Type 2 Diabetes Case Study Newly Diagnosed Type

VOL. 17 NO. 4 1999


Case Study: A 55-Year-Old Man With Obesity, Hypertriglyceridemia, and Newly Diagnosed Type 2 Diabetes Who Collapsed and Died

Deborah Thomas-Dobersen, RD, MS, CDE, and Michael J. Dobersen, MD, PhD

A 55-year-old Caucasian man presented with polyuria, polydipsia, and "feeling dry" during the past 2 months. His medical history was remarkable for a 3-year history of poorly controlled hypertriglyceridemia. His initial fasting serum cholesterol was 299 mg/dl, triglycerides were 928 mg/dl, and high-density lipoprotein (HDL) cholesterol was 30 mg/dl before treatment.

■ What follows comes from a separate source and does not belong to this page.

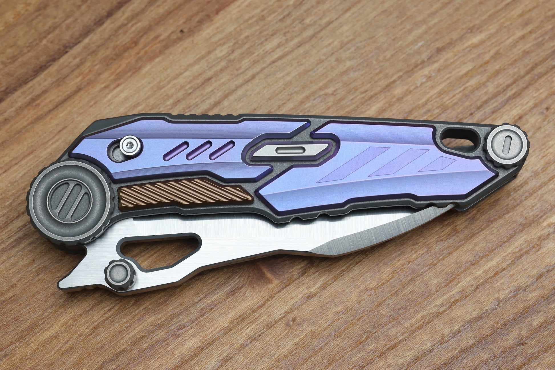 - Stonewashed Titanium frame lock handle scales with Purple and Bronze anodized Titanium overlays

He was treated with gemfibrozil (Lopid) 600 mg twice daily and told to watch his diet and exercise. No referral was made to a registered dietitian.

Two years later, a fasting triglyceride level of 570 mg/dl prompted further increase of gemfibrozil to 600 mg three times daily (this exceeds usual recommended dosing). The patient took no other medications and denied drinking alcohol and smoking.

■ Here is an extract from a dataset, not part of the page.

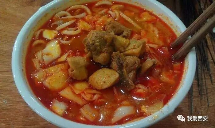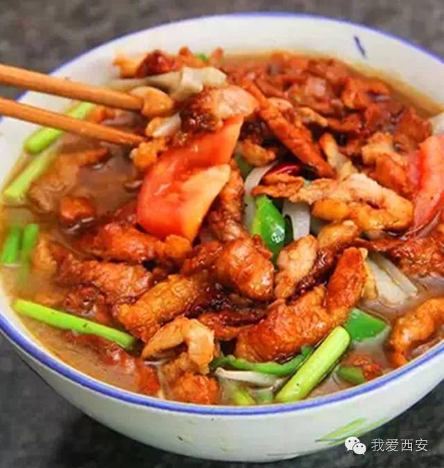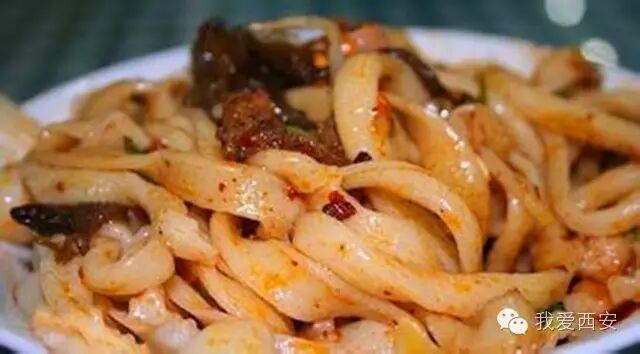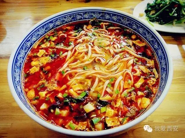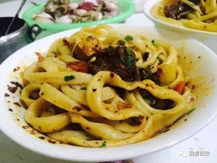 他家的面条比较粗,面质很硬,很有嚼劲,配菜的话有牛肉块,豆腐干,菜花,土豆块等,反正吃起来很香,适合陕西人的口味!很地道的陕西面食,推荐尝尝!顺便说一句,他家面馆是嘉哥见过美女最多的面馆!妹子们,你们就这样吃面,就不怕胖?

Physical examination revealed a height of 5'11", weight of 240 lb (body mass index [BMI] of 34.4 kg/m2), blood pressure of 150/88 mm Hg, and pulse of 80/min. There was no abdominal tenderness or organomegally. Laboratory evaluation showed a serum glucose of 397 mg/dl. Urinalysis revealed 3+ glucose and negative ketones.

The patient was started on 5 mg glyburide [Micronase] daily. He was also given a referral to a dietitian. That evening, the patient complained of abdominal pain, nausea, vomiting and flu-like symptoms. He collapsed at home and died a short time later. At autopsy, it was found that he died of acute hemorrhagic pancreatitis. The patient was also found to have severe arteriosclerotic cardiovascular disease with severe two-vessel coronary artery atherosclerosis.

1. What is a normal level of serum triglyerides?
2. What is the medical nutrition therapy for hypertriglyeridemia?
3. What are current recommendations for screening for diabetes?
4. What effect did the onset of diabetes have on this patient's hypertriglyc- eridemia?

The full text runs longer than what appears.